God, in your grace do we seek to serve the Christ who calls us into discipleship. Help us that we might, in some sense, measure up to these giants of the past, who have left us this tremendous legacy of faithful dedication and service. In Christ’s name we pray, Amen.
INVITATION TO COMMITMENT:
(11 a.m. – Dr. Bryant) It was my last Sunday after a 10-year ministry. I had resigned to go San Diego from Albany, and there were persons who were, I suppose understandably, disappointed that I was leaving, upset, wondering what the future would hold, questioning whether the church, which I had managed to leave well in debt, could continue its mission under whatever leadership might follow. It was my last Sunday, but I issued an invitation hymn and a young physician and his wife came forward, a couple who had been attending our church for just five or six weeks, and they came forward to transfer their membership to that congregation. Afterwards, visiting with them, I said, “I don’t how to ask this, but you know, it’s really kind of strange to have you come forward and join the church on my last Sunday. I’m not sure what that means.” He said, “It means that we have great confidence in this congregation, that whatever leadership may come, we believe in the people we have found in this church to be faithful in discipleship and we want to be one with them.” The invitation we make is to join with us in discipleship, to demonstrate our confidence in this congregation’s future. We’ve been here 127 years, we’ll be here a long time to come, faithfully serving the lordship of Christ. If you would like to make your confession of faith or transfer membership, I invite you to come and stand with me as we sing our Hymn of Invitation, When I Survey The Wondrous Cross (#195).
COMMUNION MEDITATION:
(11 a.m. – Dr.

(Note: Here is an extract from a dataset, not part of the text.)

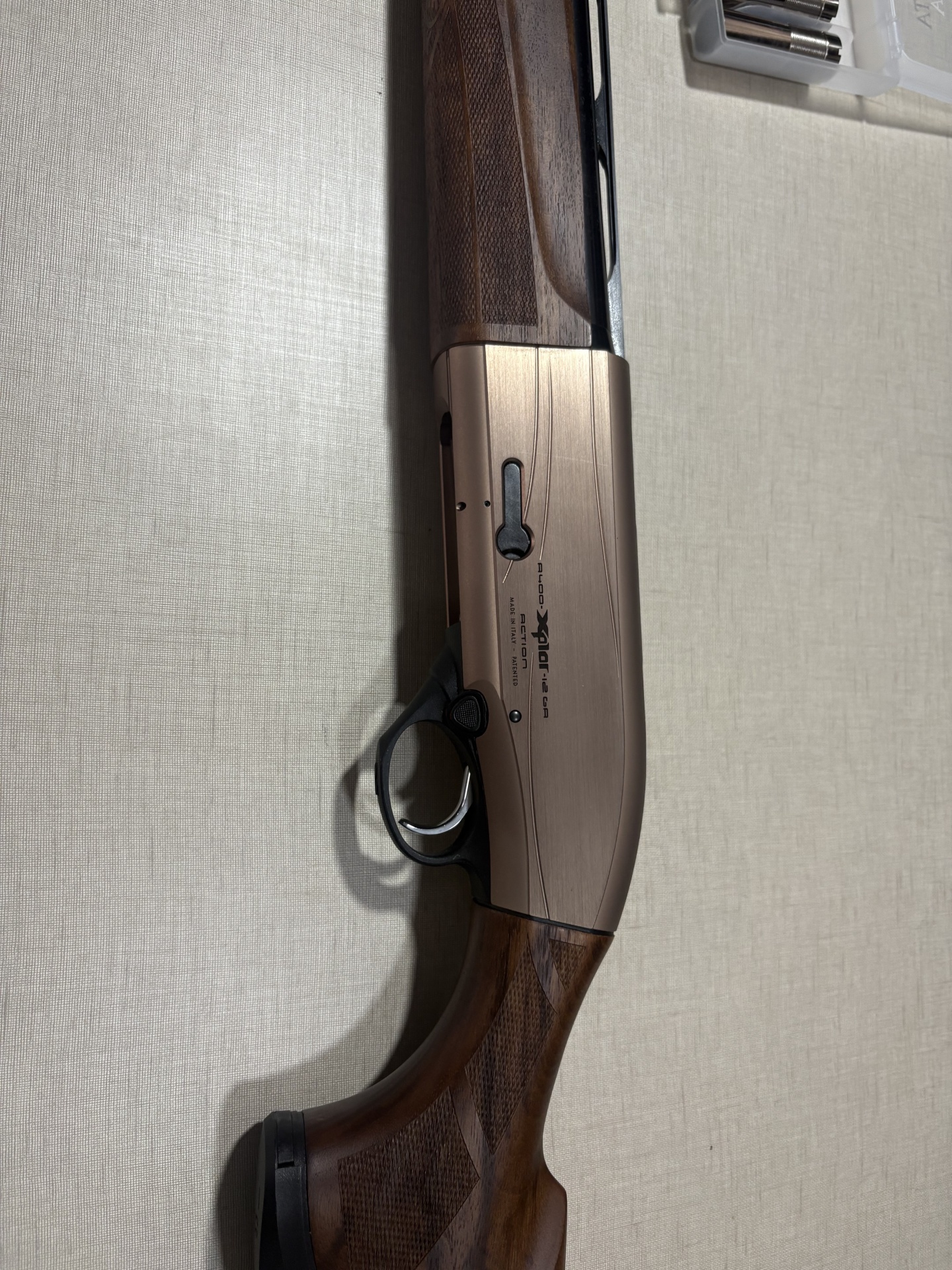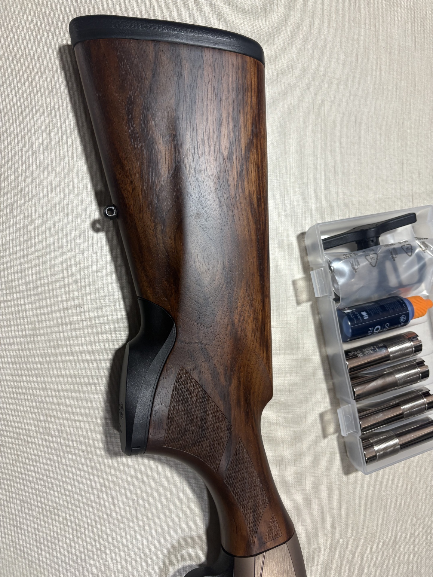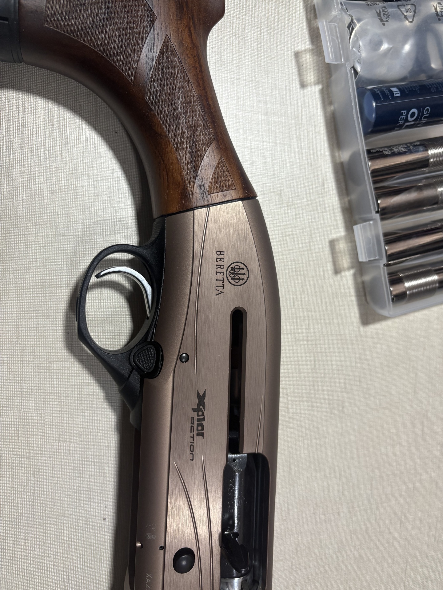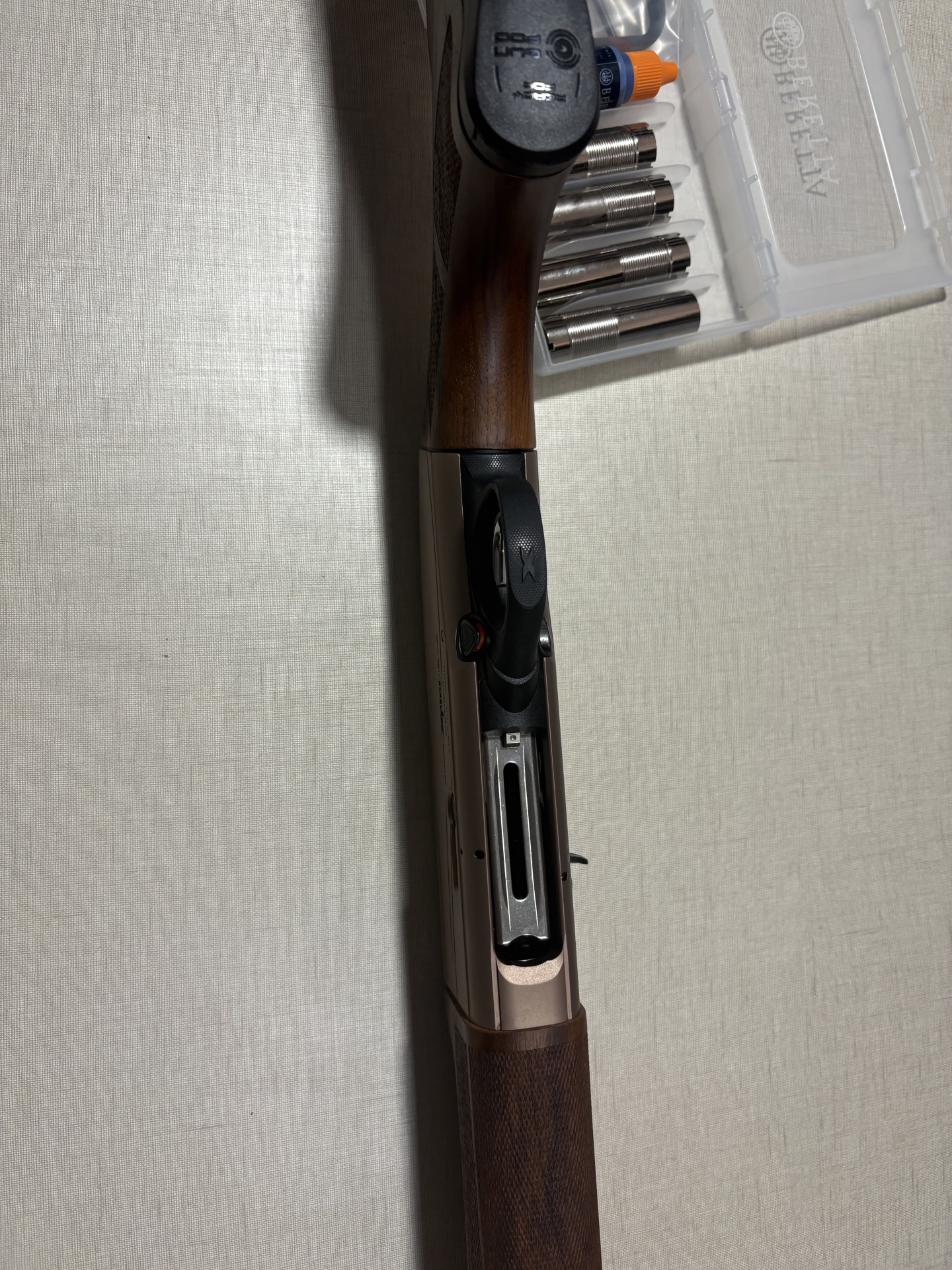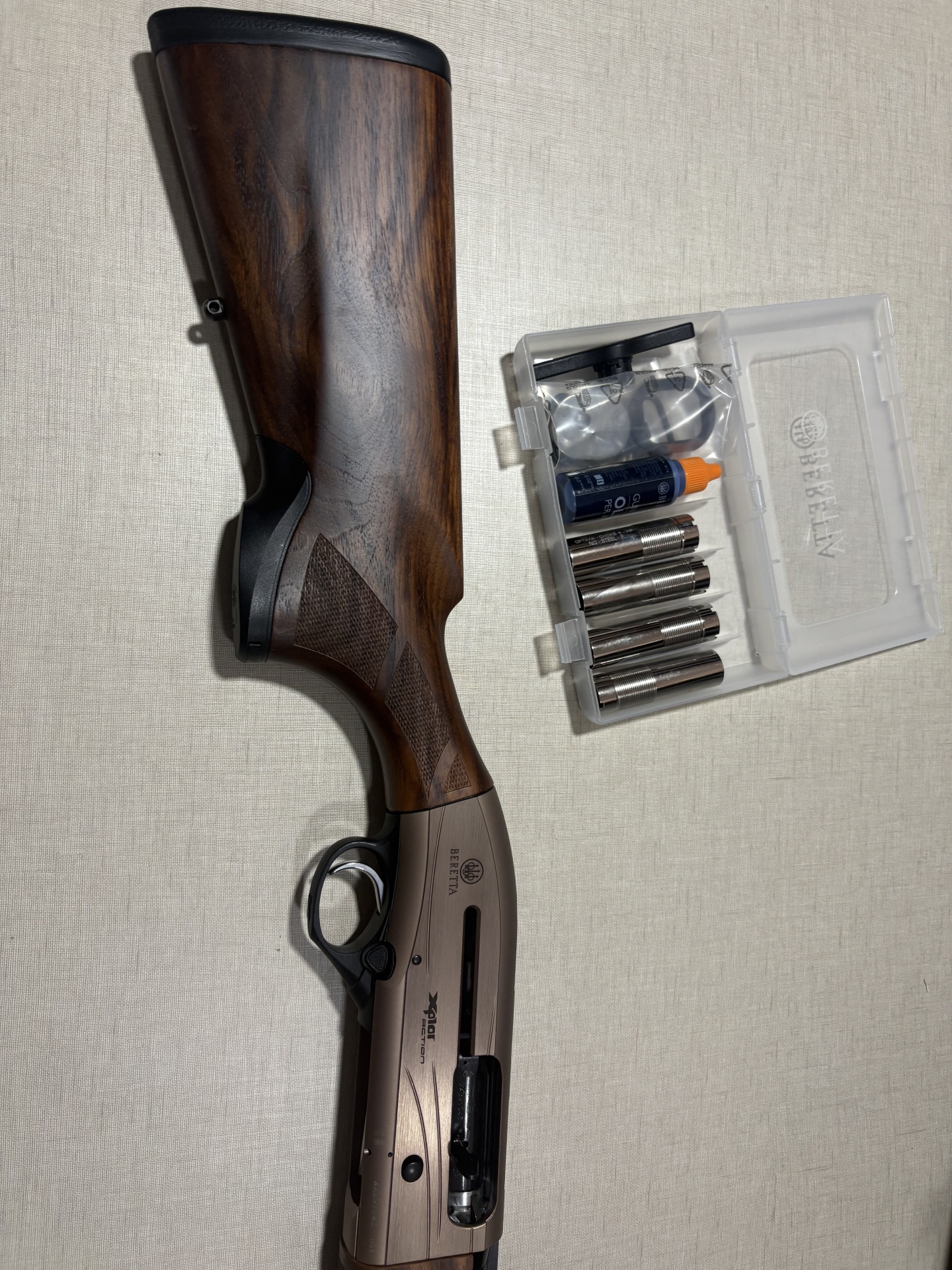 Espingarda Beretta Xplor Action com chokes e acessórios numa caixa de plástico

Bryant) Among all the symbols of Christian faith or the actions that we take, there is none that speaks more to the unity of God’s people in Christ than the communion service. For it is here, regardless of who we are, regardless of our status in life, whether rich or poor, whatever marks of status we may or may not have, we become one as we surround the table and partake of the bread and the cup that Jesus instituted for us that we might be reminded of whose we are.
PRAYER OF THANKSGIVING:
(11 a.m. – Rodney Page) O Lord, with the shouts of Hosannah ringing in our ears on this Palm Sunday, we realize that our convictions to be your faithful followers to the end sometimes ring hollow like Peter’s. We do the things we should not do and we leave undone those things which we should have done. Our church, fragmented and broken, seeks the unity of this people, of this table together. Not some mindless kind of uniformity, but a unity in Christ. We marvel at the privilege of eating at Christ’s table, for we are made one with Christ in the fellowship of this meal. We seek your blessing upon this bread and this cup that it may raise us to a new life in you. Strengthen our faith, increase our love for one another, and engrave upon our hearts your message of compassion and reconciliation. O Lord, we look to the day when we shall all be made one in the fullness of your reign. Amen.